(Information given Opens)

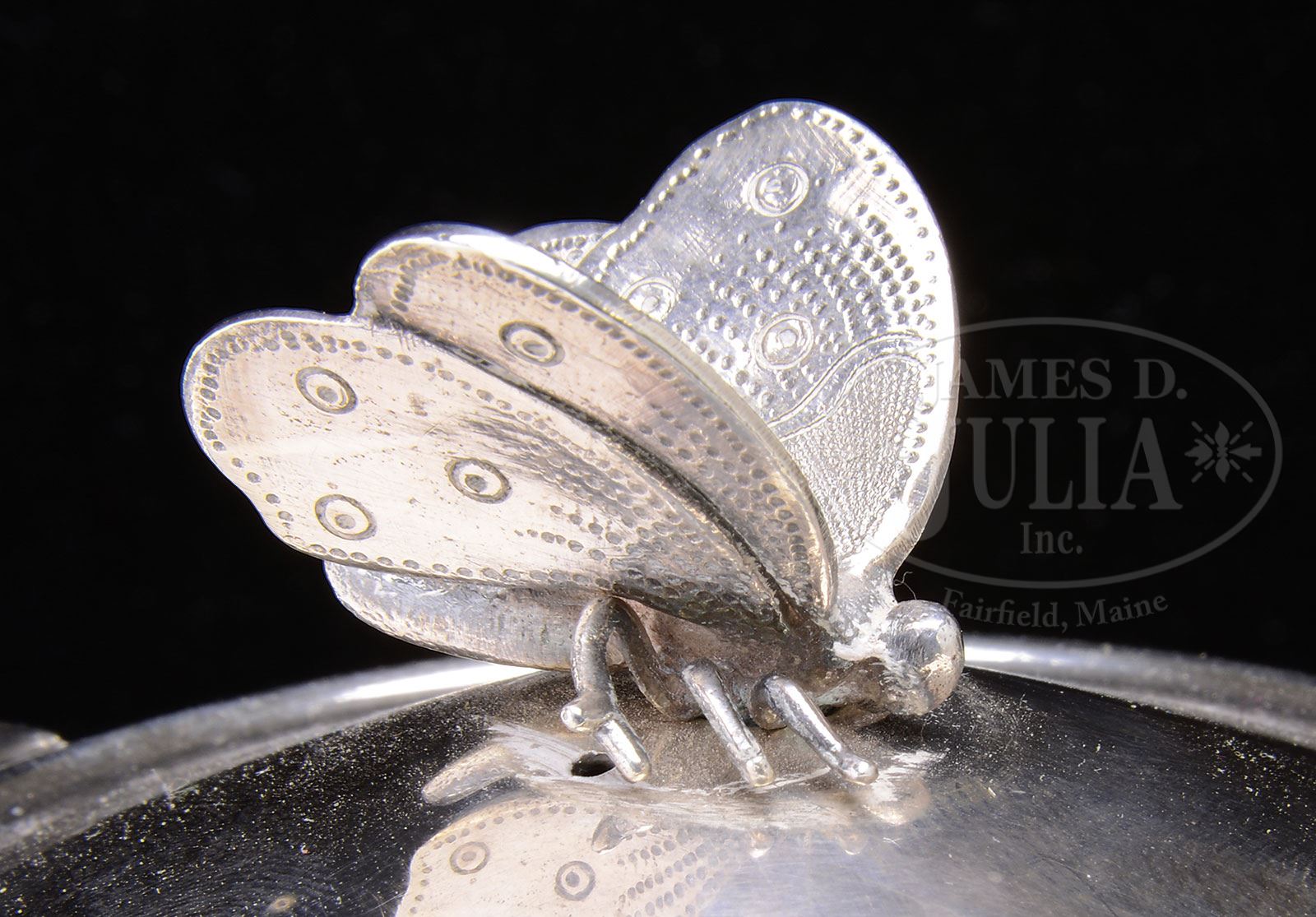 GORHAM STERLING SILVER TEA SERVICE.Gorham sterling silver tea service in the Medallion pattern has tea pot and coffee pot, covered sugar and creamer and waste bowl. Each piece has a simple spherical body with a raised vertically ribbed band surrounding the center with a medallion on each side. Each of the lids is finished with a detailed sterling silver butterfly finial and each pot handle is mounted with bone insulators. Marked on the underside with Gorham lion, anchor and “G” hallmarks, “Bailey & Co. Sterling 212B”. There is also a “B” datemark for 1869 as per the Gorham datemark chart. Total weight is approx. 96.98 troy oz. SIZE: Pots are 7-1/4″ t to top of handle. CONDITION: There are some very minor tiny dents to the sides of each piece consistent with age and use, otherwise very good to excellent. 5-69849 (4,000-5,000) – Lot 2079
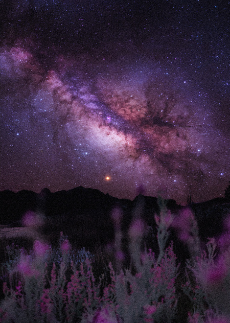 Infinite Space Galaxy photo. Mysterious, grainy, peaceful. Purple, pink, blue colors.
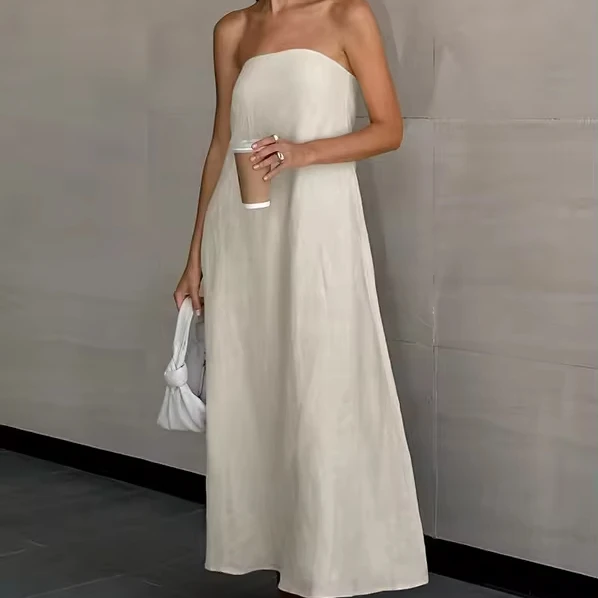 9544-TD-Dress Strapless Invisible Zipper Tube Slip Maxi Dress Vacation Elegant Date Wear
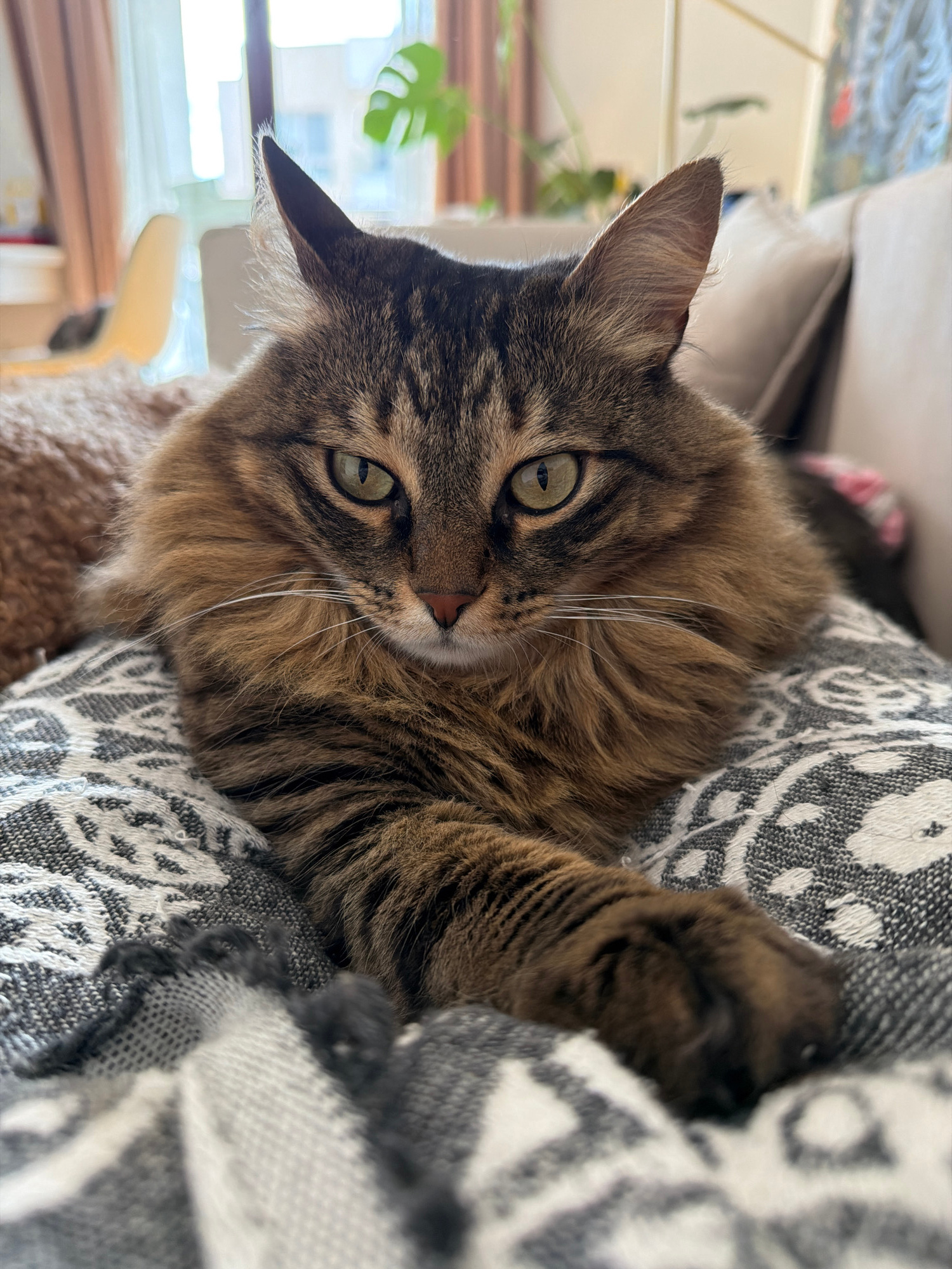 A close-up, eye-level shot of a brown tabby cat lying on a gray and white patterned blanket. The cat's head is tilted to the left, with one ear visible and erect. The cat has green eyes and white whis…read more
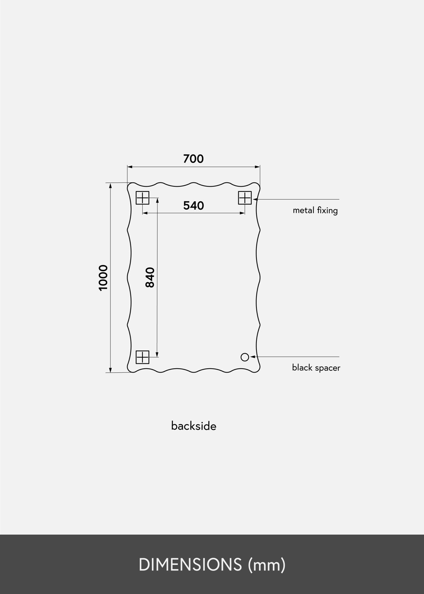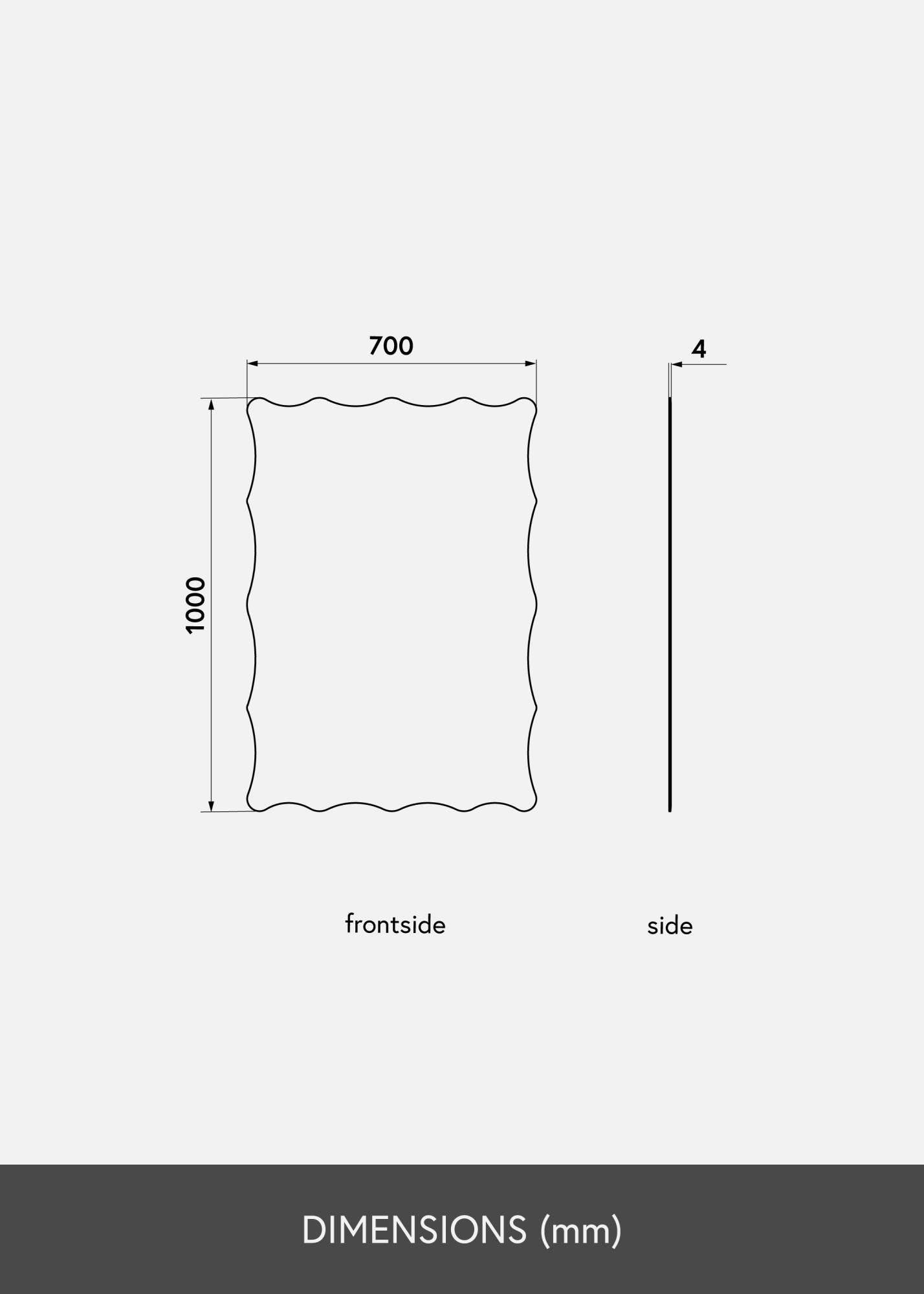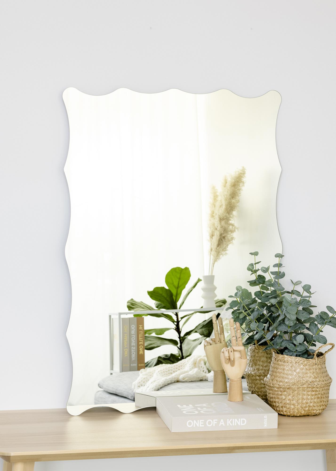 Specchio di KAILA, con una bellissima forma ondulata per un'impressione extra elegante. Questo specchio da parete è un perfetto dettaglio d'arredo per la camera da letto o il soggiorno grazie al suo design senza tempo. Lo specchio ha una finitura classica con vetro specchiato sottile e trasparente e un supporto da parete che permette un facile montaggio. Questo specchio ha una dimensione di 70x100 cm.
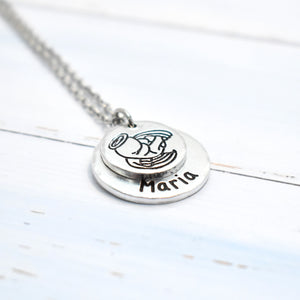 Celebrate love, remembrance, and connection with a delicately handcrafted Angel Baby Necklace, thoughtfully designed to hold a name or word that means the most to you. Each pendant is carefully hand-stamped letter by letter, then meticulously polished to a soft, luminous shine — ensuring every piece carries its own subtle character and artisanal charm.
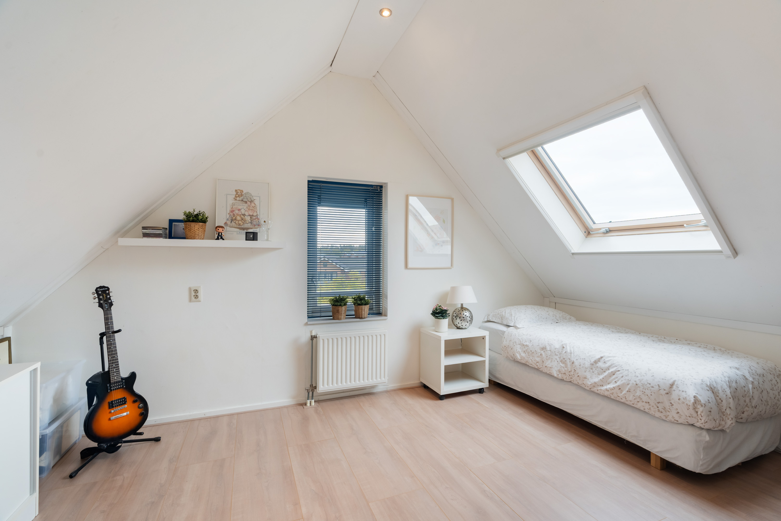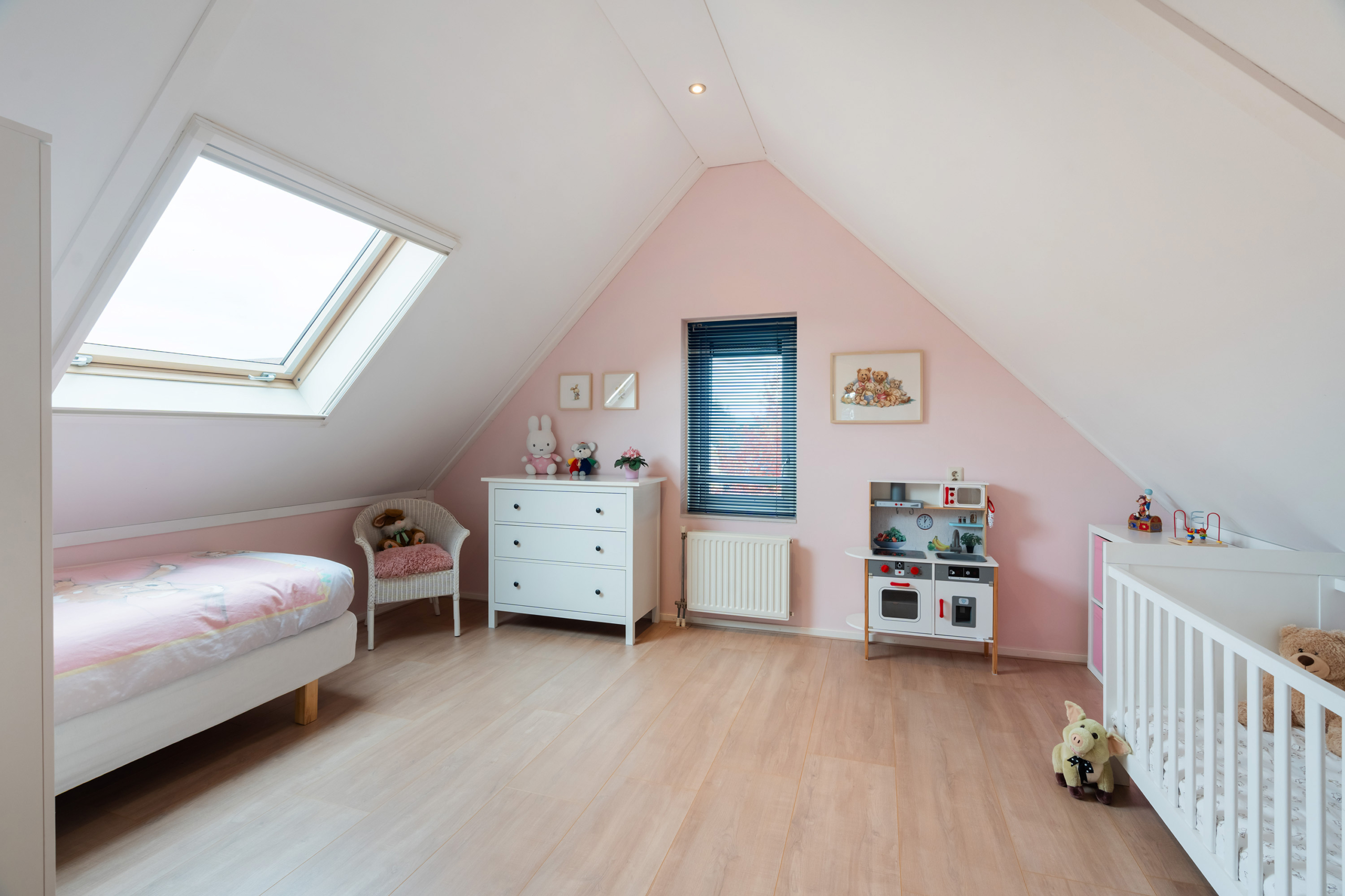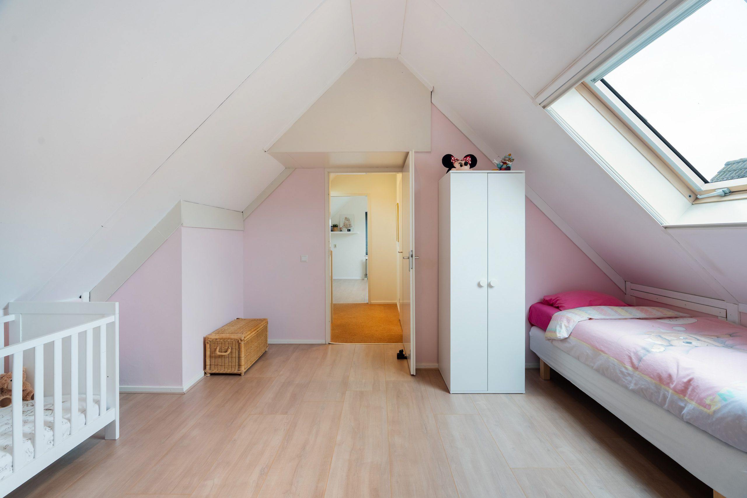 De tweede verdieping telt twee ruime slaapkamers, beide voorzien van laminaat en een dakraam. Op de overloop bevindt zich een aparte was- en strijkruimte met aansluitingen voor wasmachine en droger.

(Information given Closes)

_Work to complete_: Please repeat every record above exactly, but leave out the pictures.

_Task response_:
 GORHAM STERLING SILVER TEA SERVICE.Gorham sterling silver tea service in the Medallion pattern has tea pot and coffee pot, covered sugar and creamer and waste bowl. Each piece has a simple spherical body with a raised vertically ribbed band surrounding the center with a medallion on each side. Each of the lids is finished with a detailed sterling silver butterfly finial and each pot handle is mounted with bone insulators. Marked on the underside with Gorham lion, anchor and “G” hallmarks, “Bailey & Co. Sterling 212B”. There is also a “B” datemark for 1869 as per the Gorham datemark chart. Total weight is approx. 96.98 troy oz. SIZE: Pots are 7-1/4″ t to top of handle. CONDITION: There are some very minor tiny dents to the sides of each piece consistent with age and use, otherwise very good to excellent. 5-69849 (4,000-5,000) – Lot 2079
 Infinite Space Galaxy photo. Mysterious, grainy, peaceful. Purple, pink, blue colors.
 9544-TD-Dress Strapless Invisible Zipper Tube Slip Maxi Dress Vacation Elegant Date Wear
 A close-up, eye-level shot of a brown tabby cat lying on a gray and white patterned blanket. The cat's head is tilted to the left, with one ear visible and erect. The cat has green eyes and white whis…read more
 Specchio di KAILA, con una bellissima forma ondulata per un'impressione extra elegante. Questo specchio da parete è un perfetto dettaglio d'arredo per la camera da letto o il soggiorno grazie al suo design senza tempo. Lo specchio ha una finitura classica con vetro specchiato sottile e trasparente e un supporto da parete che permette un facile montaggio. Questo specchio ha una dimensione di 70x100 cm.
 Celebrate love, remembrance, and connection with a delicately handcrafted Angel Baby Necklace, thoughtfully designed to hold a name or word that means the most to you. Each pendant is carefully hand-stamped letter by letter, then meticulously polished to a soft, luminous shine — ensuring every piece carries its own subtle character and artisanal charm.
 De tweede verdieping telt twee ruime slaapkamers, beide voorzien van laminaat en een dakraam. Op de overloop bevindt zich een aparte was- en strijkruimte met aansluitingen voor wasmachine en droger.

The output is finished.